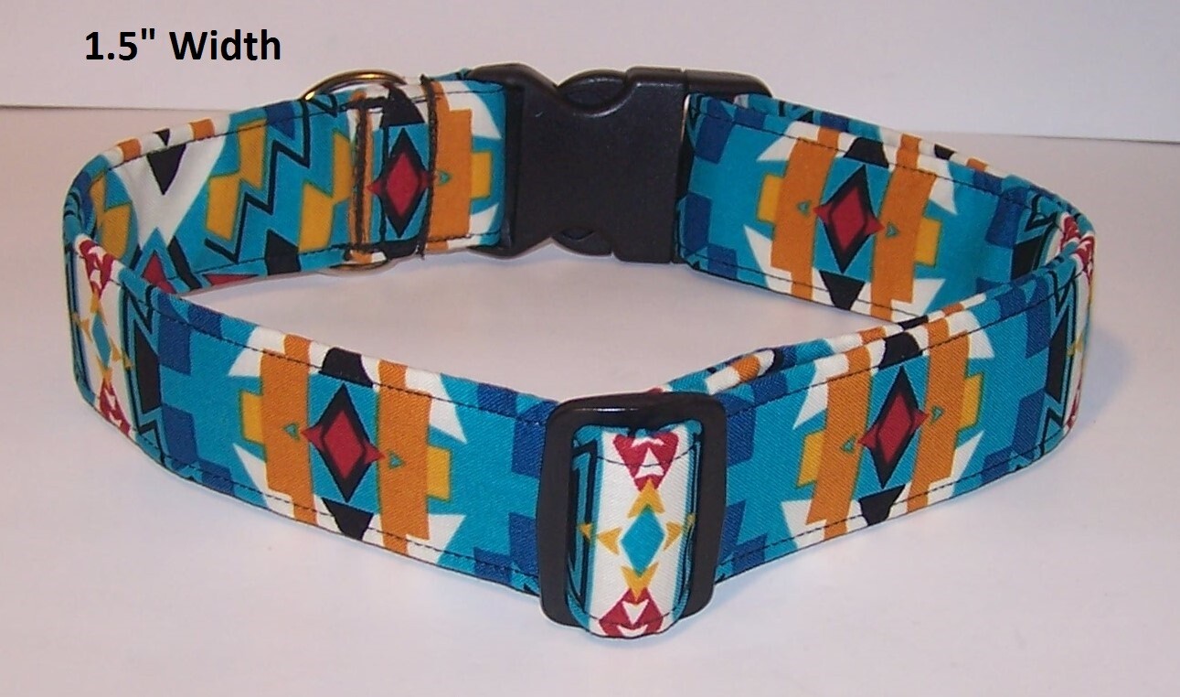 Wet Nose Designs Bold Bright Turquoise Aztec Dog Collar Southwestern Tribal
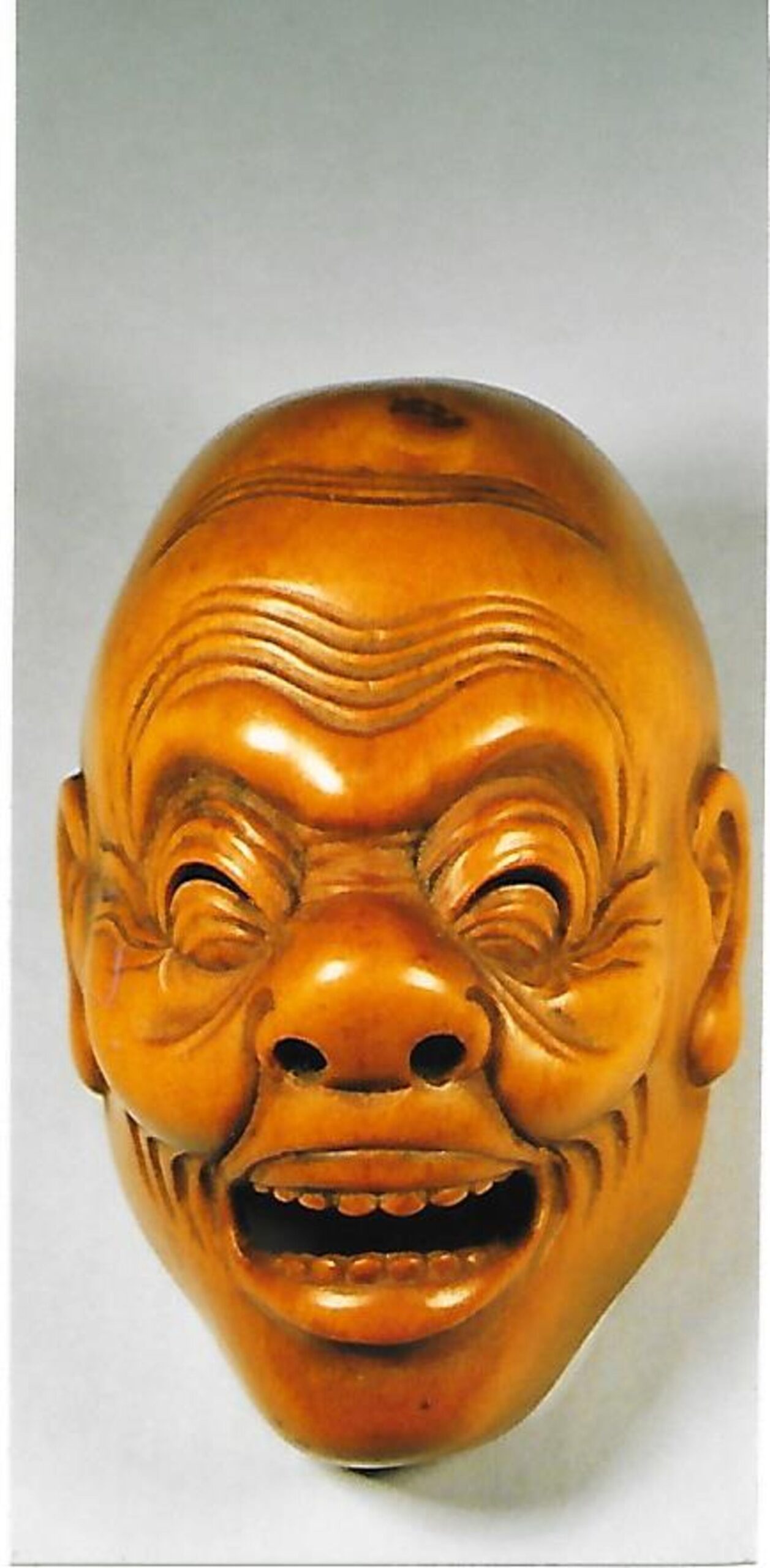 Herkunft: Auktion Galerie Koller, Zürich, 9.12.2000, Lot 528. Gemäss schriftlicher Angabe des deutschen Einlieferers wurde das Stück 1979 erworben bei Galerie Gross in Wiesbaden. – Die Maske ist abgebildet bei M. Tollner, Netsuke, 1954, pl.13. Als Vorbesitzer ist dort L. Gichner, Washington DC genannt. – Die Maske ist ebenfalls abgebildet in Lazarnick, N&IA, 1981, p.1290. Das Kakihan ist dort bezeichnet als „unidentified“. – Das Kakihan ist ebenfalls abgebildet in R. Bushell, Netsuke Masks, pp.193-4, Nrn.6-10, dort auch nicht identifiziert. – Lazarnick MCI 1986 p.1014 bildet das Kakihan im Zusammenhang mit einem sitzenden Affen ab. Er datiert das Stück als „early Meiji“ (d.h. nach 1868). – Barry Davies, Netsuke Classics, 1990, No.74, zeigt die Maske eines grimassierenden Mannes mit demselben Kakihan. Verglichen mit anderen signierten Masken neigt er, aufgrund des expressiven Ausdrucks und des hellen Buchsbaumholzes dazu, sie dem Schnitzer SANSHO, spätes 19.Jh. zuzuordnen. – B. Filatov, Kokeisai Sansho: Mystery oft he Genius. Int. Netsuke Society Journal 32/1, Spring 2012, pp.12-25, stellt die Arbeiten dieses Künstlers ausführlich dar und ordnet ihm auch das Kakihan zu: SANSHO 1871-1936, aus Osaka, Schüler von Dosho.
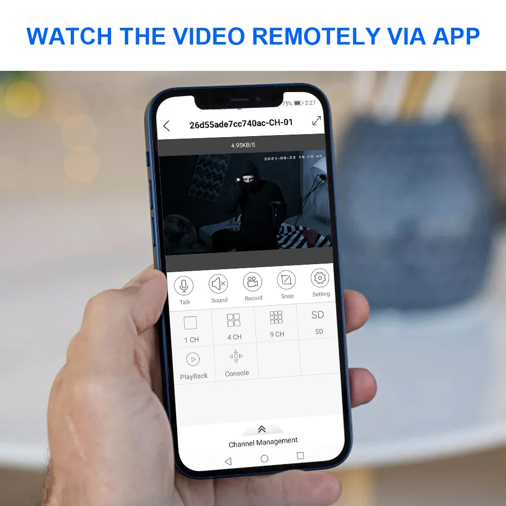 - 4-Kanal-System ermöglicht die gleichzeitige Überwachung mehrerer Bereiche, ideal für Eingänge, Auffahrten und Terrassen.
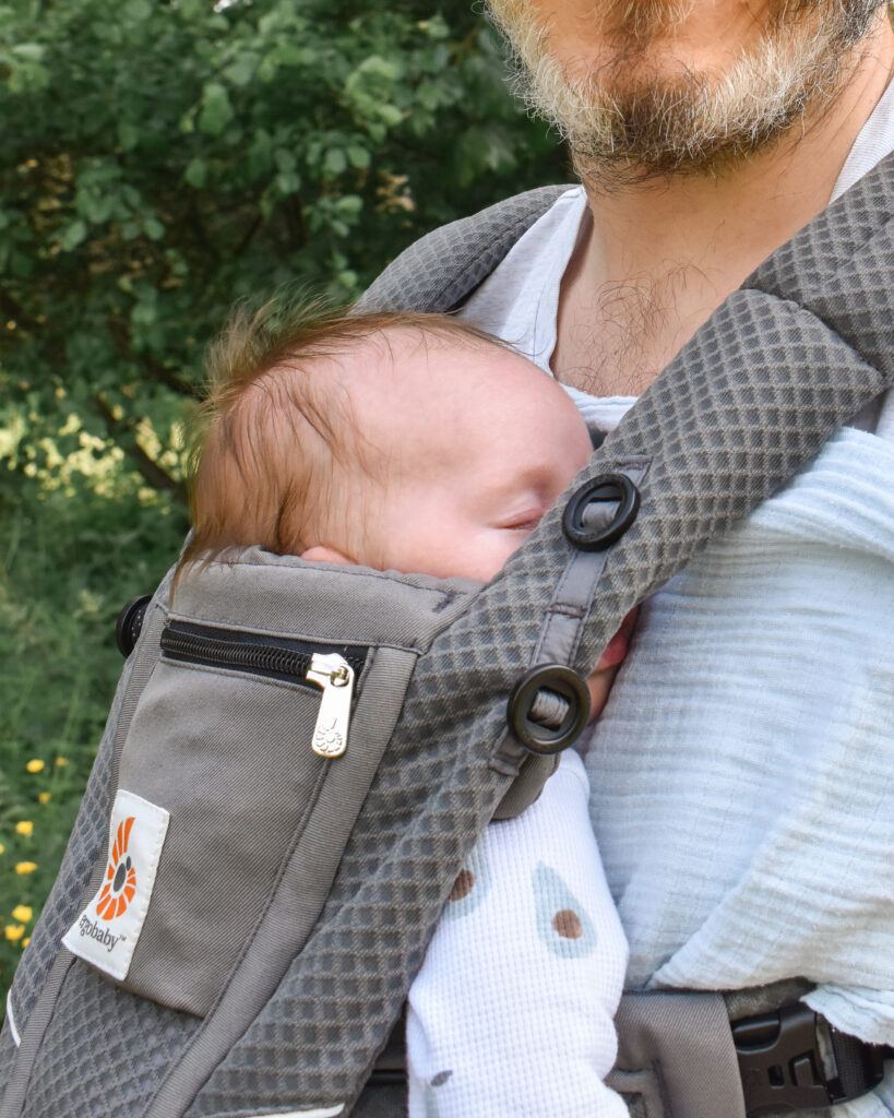 We chose the Omni Breeze as it is the most breathable model Ergo Baby have, and we knew we would be using it mostly in the summer. Even though The Husband and I are vastly different sizes, we both found the Omni Breeze comfortable, and can adjust it to suit our different frames. The Ergo Baby comes with a built-in sun shade (that will also withstand light rain), and has a detachable zip pocket and reflective strips.

• [TASK DESCRIPTION]:
An unaltered copy of the material, without images, should be set down.

• [RESPONSE]:
 Wet Nose Designs Bold Bright Turquoise Aztec Dog Collar Southwestern Tribal
 Herkunft: Auktion Galerie Koller, Zürich, 9.12.2000, Lot 528. Gemäss schriftlicher Angabe des deutschen Einlieferers wurde das Stück 1979 erworben bei Galerie Gross in Wiesbaden. – Die Maske ist abgebildet bei M. Tollner, Netsuke, 1954, pl.13. Als Vorbesitzer ist dort L. Gichner, Washington DC genannt. – Die Maske ist ebenfalls abgebildet in Lazarnick, N&IA, 1981, p.1290. Das Kakihan ist dort bezeichnet als „unidentified“. – Das Kakihan ist ebenfalls abgebildet in R. Bushell, Netsuke Masks, pp.193-4, Nrn.6-10, dort auch nicht identifiziert. – Lazarnick MCI 1986 p.1014 bildet das Kakihan im Zusammenhang mit einem sitzenden Affen ab. Er datiert das Stück als „early Meiji“ (d.h. nach 1868). – Barry Davies, Netsuke Classics, 1990, No.74, zeigt die Maske eines grimassierenden Mannes mit demselben Kakihan. Verglichen mit anderen signierten Masken neigt er, aufgrund des expressiven Ausdrucks und des hellen Buchsbaumholzes dazu, sie dem Schnitzer SANSHO, spätes 19.Jh. zuzuordnen. – B. Filatov, Kokeisai Sansho: Mystery oft he Genius. Int. Netsuke Society Journal 32/1, Spring 2012, pp.12-25, stellt die Arbeiten dieses Künstlers ausführlich dar und ordnet ihm auch das Kakihan zu: SANSHO 1871-1936, aus Osaka, Schüler von Dosho.
 - 4-Kanal-System ermöglicht die gleichzeitige Überwachung mehrerer Bereiche, ideal für Eingänge, Auffahrten und Terrassen.
 We chose the Omni Breeze as it is the most breathable model Ergo Baby have, and we knew we would be using it mostly in the summer. Even though The Husband and I are vastly different sizes, we both found the Omni Breeze comfortable, and can adjust it to suit our different frames. The Ergo Baby comes with a built-in sun shade (that will also withstand light rain), and has a detachable zip pocket and reflective strips.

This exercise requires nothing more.